High Costs Squeeze New York City Homeowners
While the high cost of renting a New York City apartment is well-known, a new study found that many homeowners are straining under the weight of their own financial burdens.
The study by New York University's Furman Center said nearly half of New York City homeowners with mortgages are paying 30% or more of their income on housing, a far higher percentage than their counterparts elsewhere in the U.S. And a quarter of city homeowners pay more than half of their income on housing costs, more than double the share in the rest of the country.
The strain on local homeowners comes as city's residential real-estate market has soared. "The purchasing power of most New York City households is limited, largely due to growing housing prices and stagnating incomes since 1990," the report said.
Overall, the burden on homeowners is close to that on renters in New York City, for both market-rate and rent-regulated apartments.
The study, funded by the community-development arm of Citigroup Inc., also sheds light on the shortage of affordable homes for purchase at a time when Mayor Bill de Blasio's housing initiatives are more focused on building and preserving low-cost rental housing.
According to the study, increasing prices have made homes in many neighborhoods unaffordable to all but the wealthiest New Yorkers.
It found that only 42% of sales in New York City in 2014 were affordable to the low-to-middle-income households that make up 77% of New York households. Those households earned up to $114,000 a year, the highest income level eligible for city-subsidized housing.
Mary Curry, a retired tax examiner for the Internal Revenue Service, knows what it is like to struggle with steep housing costs. The mortgage payments on her 16-foot-wide house in Queens's East Elmhurst area are swallowing most of the $2,270 she receives in monthly pension income.
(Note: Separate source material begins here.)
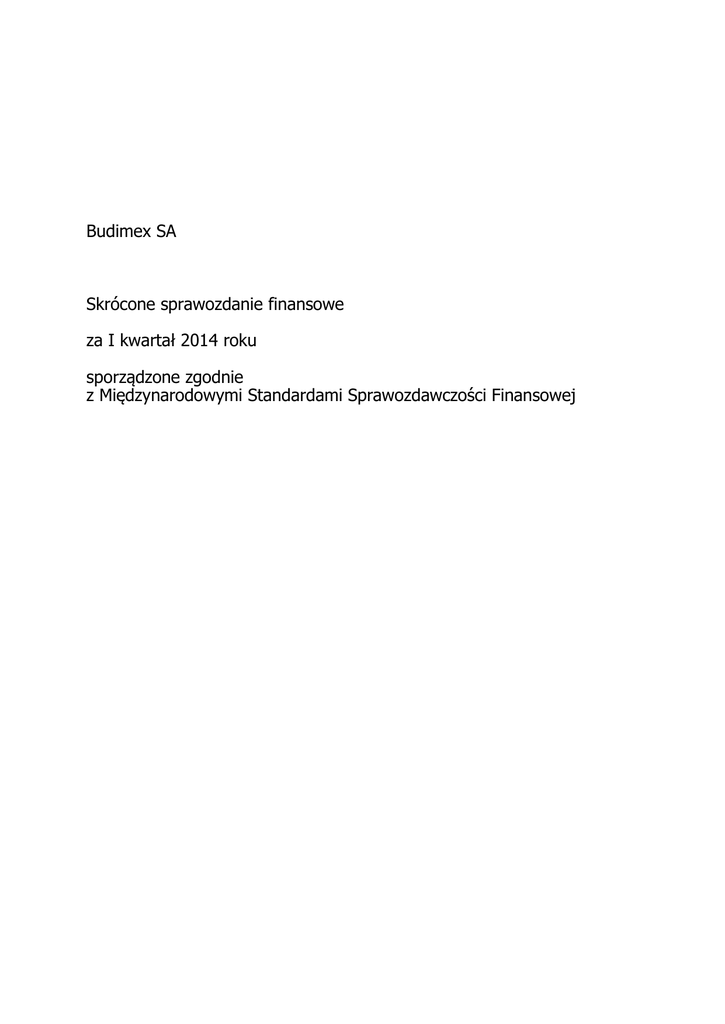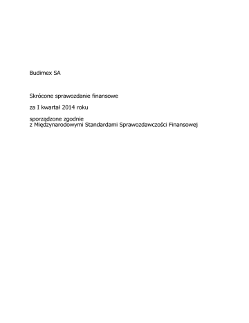 Budimex SA Skrócone sprawozdanie finansowe za I kwartał 2014 roku sporządzone zgodnie z Międzynarodowymi Standardami Sprawozdawczości Finansowej BUDIMEX SA Skrócone sprawozdanie finansowe za I kwartał 2014 roku sporządzone zgodnie z MSSF Sprawozdanie z sytuacji finansowej 31.03.2014 31.12.2013 1.01.2013 (tys. zł) (tys. zł) 58 383 62 713 84 079 Nieruchomości inwestycyjne 1 898 3 124 3 368 Wartości niematerialne 3 557 2 886 1 210 712 940 712 940 763 401 9 796 9 796 18 596 8 470 8 445 21 498 30 395 29 813 25 919 (tys. zł) Aktywa trwałe (długoterminowe) Rzeczowe aktywa trwałe Inwestycje w podmiotach zależnych Inwestycje w podmiotach stowarzyszonych Inne aktywa finansowe Kaucje z tytułu umów o budowę Długoterminowe rozliczenia międzyokresowe Aktywa z tytułu odroczonego podatku dochodowego Aktywa trwałe (długoterminowe) ogółem 4 379 4 392 4 096 317 655 320 564 293 757 1 147 473 1 154 673 1 215 924 Aktywa obrotowe (krótkoterminowe) Zapasy 111 042 84 850 118 793 Należności z tytułu dostaw i usług oraz pozostałe należności 384 950 461 292 332 423 Kaucje z tytułu umów o budowę Kwoty należne od obiorców z tytułu umów o budowę Należności z tytułu bieżącego podatku dochodowego 27 213 29 850 67 211 144 435 137 441 222 889 - - 651 18 29 1 460 238 600 238 600 - 9 482 3 164 - 820 235 1 112 254 1 038 436 13 645 12 820 8 255 1 749 620 2 080 300 1 790 118 Aktywa obrotowe (krótkoterminowe) ogółem 1 749 620 2 080 300 1 790 118 SUMA AKTYWÓW 2 897 093 3 234 973 3 006 042 Pochodne instrumenty finansowe Inwestycje w jednostkach podporządkowanych Inne aktywa finansowe Środki pieniężne i ich ekwiwalenty Krótkoterminowe rozliczenia międzyokresowe Komisja Nadzoru Finansowego 1 BUDIMEX SA Skrócone sprawozdanie finansowe za I kwartał 2014 roku sporządzone zgodnie z MSSF 31.03.2014 31.12.2013 1.01.2013 (tys. zł) (tys. zł) (tys. zł) 145 848 145 848 145 848 Nadwyżka ze sprzedaży akcji powyżej ich wartości nominalnej 80 199 80 199 227 835 Pozostałe kapitały rezerwowe 58 867 58 867 56 899 Kapitał własny Kapitał podstawowy Różnice kursowe z przeliczenia oddziałów zagranicznych 5 505 5 486 5 492 313 935 297 435 (42 573) 604 354 587 835 393 501 14 531 17 044 27 740 Kaucje z tytułu umów o budowę 150 717 152 294 155 387 Rezerwy na zobowiązania długoterminowe i inne obciążenia 126 049 125 307 113 930 Zobowiązania z tytułu świadczeń emerytalnych i podobnych 3 264 3 264 2 542 294 561 297 909 299 599 Zyski/ (straty) zatrzymane Kapitał własny ogółem Zobowiązania Zobowiązania długoterminowe Kredyty, pożyczki i inne zewnętrzne źródła finansowania Zobowiązania długoterminowe ogółem Zobowiązania krótkoterminowe Kredyty, pożyczki i inne zewnętrzne źródła finansowania 18 389 18 165 17 695 Zobowiązania z tytułu dostaw i usług oraz pozostałe zobowiązania 834 891 1 115 719 1 202 122 Kaucje z tytułu umów o budowę 162 980 179 697 218 454 Kwoty należne odbiorcom z tytułu umów o budowę 610 902 688 159 549 447 Otrzymane zaliczki Rezerwy na zobowiązania krótkoterminowe i inne obciążenia Zobowiązania z tytułu bieżącego podatku dochodowego Zobowiązania z tytułu świadczeń emerytalnych i podobnych Pochodne instrumenty finansowe 70 273 59 346 55 341 127 969 115 746 106 757 - 15 478 - 879 879 741 312 440 243 167 696 150 194 156 005 3 887 5 406 6 137 1 998 178 2 349 229 2 312 942 Zobowiązania krótkoterminowe ogółem 1 998 178 2 349 229 2 312 942 Zobowiązania ogółem 2 292 739 2 647 138 2 612 541 SUMA KAPITAŁU WŁASNEGO I ZOBOWIĄZAŃ 2 897 093 3 234 973 3 006 042 Wartość księgowa (tys. zł) Liczba akcji 604 354 587 835 393 501 25 530 098 25 530 098 25 530 098 23,67 23,03 15,41 Krótkoterminowe rozliczenia międzyokresowe kosztów Krótkoterminowe rozliczenia międzyokresowe przychodów Wartość księgowa na jedną akcję (w zł.) Komisja Nadzoru Finansowego 2 BUDIMEX SA Skrócone sprawozdanie finansowe za I kwartał 2014 roku sporządzone zgodnie z MSSF Rachunek zysków i strat Okres 3 miesięcy zakończony 31 marca 2014 roku 2013 roku (tys. zł) (tys. zł) 655 430 674 119 (585 204) (622 784) Zysk brutto ze sprzedaży 70 226 51 335 Koszty sprzedaży (2 555) (2 431) (38 015) (34 037) Działalność kontynuowana Przychody netto ze sprzedaży produktów i usług oraz towarów i materiałów Koszty sprzedanych produktów i usług oraz towarów i materiałów Koszty ogólnego zarządu Pozostałe przychody operacyjne Pozostałe koszty operacyjne Zysk (strata) z pochodnych instrumentów finansowych Zysk z działalności operacyjnej Przychody finansowe 5 804 5 903 (13 954) (5 306) (35) (430) 21 471 15 034 6 161 47 830 Koszty finansowe (5 853) (6 178) Zysk brutto 21 779 56 686 Podatek dochodowy (5 279) (3 810) Zysk netto z działalności kontynuowanej 16 500 52 876 - - 16 500 52 876 0,65 2,07 Zysk (strata) netto z działalności zaniechanej Zysk netto za okres Podstawowy i rozwodniony zysk przypadający akcjonariuszom na akcję (w zł.) Komisja Nadzoru Finansowego 3 BUDIMEX SA Skrócone sprawozdanie finansowe za I kwartał 2014 roku sporządzone zgodnie z MSSF Sprawozdanie z całkowitych dochodów Okres 3 miesięcy zakończony 31 marca 2014 roku 2013 roku (tys. zł) (tys. zł) 16 500 53 291 - (415) 16 500 52 876 19 51 - - Zyski (straty) aktuarialne - - Podatek odroczony dotyczący składników innych całkowitych dochodów, które nie zostaną następnie przeklasyfikowane na zyski lub straty - - 19 51 16 519 52 927 Zysk netto wykazany poprzednio Korekty MSSF Zysk netto za okres wg MSSF Inne całkowite dochody, które: Zostaną następnie przeklasyfikowane na zyski lub straty po spełnieniu określonych warunków: Różnice kursowe z wyceny oddziałów zagranicznych Podatek odroczony dotyczący składników innych całkowitych dochodów, które zostaną następnie przeklasyfikowane na zyski lub straty Nie zostaną następnie przeklasyfikowane na zyski lub straty: Inne całkowite dochody netto Całkowite dochody za okres Ko

Even after getting a loan modification to reduce her mortgage payments, she pays $1,700 a month toward her mortgage, she said. To cover the costs of food and utilities, she gets some financial help from her son, and in April she received a $37,000 city loan through the Parodneck Foundation to repair her house and replace a leaky roof.
"My household expenses really exceed my pension," Ms. Curry said.
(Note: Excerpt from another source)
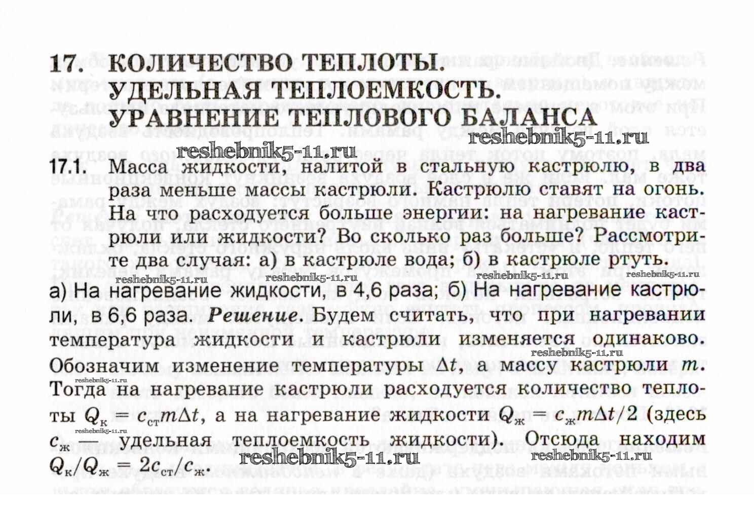 Готовая домашняя работа с ответами по Физике за 7, 8, 9 класс Генденштейн, Кирик, Гельфгат Задачник Илекса 2020 - 17. Количество теплоты. Удельная теплоемкость. Уравнение теплового баланса 17.1

Among the boroughs, Brooklyn had the most burdened homeowners, with 52% paying 30% or more of their income on housing. Manhattan, despite having the priciest housing market, had the lowest rate of homeowners paying that share of their income, at 24%.
Many co-ops, which make up two-thirds of owner-occupied housing in Manhattan, limit housing expenses to less than 28% of income, said Rachel Altschuler, a broker at Douglas Elliman.
An analysis of rent burden by the Citizens Budget Commission last year found that New York renters paid 42% of their income on rent, after excluding renters in public housing and those receiving Section 8 rent subsidies.
Overall, the Furman Center study found that 31% of New York City households owned their home. In the Bronx, 18% did, the second-lowest homeownership rate of any county in the U.S., after Kalawao County in Hawaii, which has 46 households, according to census data.
New York City built thousands of affordable homes for purchase over many years on land taken over by the city for nonpayment of taxes.
In recent years, however, the production of owner-occupied housing declined as the supply of city-owned land dwindled, and bank-mortgage rules tightened, said Daniel Martin, president of the New York City Housing Partnership, a nonprofit organization that helped build thousands of affordable homes.
"We need to look much more at innovative ideas and new ownership models, " said Robert Annibale, global director of Citi Community Development.
Mr. de Blasio's 10-year plan to build or restore 200,000 units of housing includes 10,000 units of owner-occupied homes, though so far the city has largely focused on rehabilitating existing, owner-occupied, limited-income co-ops.
The city also has programs to support limited-income homeowners and provides down-payment assistance to first-time, low-income home-buyers.
"This administration is laser-focused on preserving and creating affordable housing -- and a key to that is helping homeowners, many of who carry outsize financial burdens, stay in their homes," said a spokeswoman for the city's Department of Housing Preservation and Development.
Mark Willis, the principal investigator on the study, said the research provided some evidence that lower-income owners may be a shrinking share of future homeowners in New York City. Low- and moderate-income households made up 31% of all homeowners, he said, but they were able to afford only 12% of all homes sold in 2014.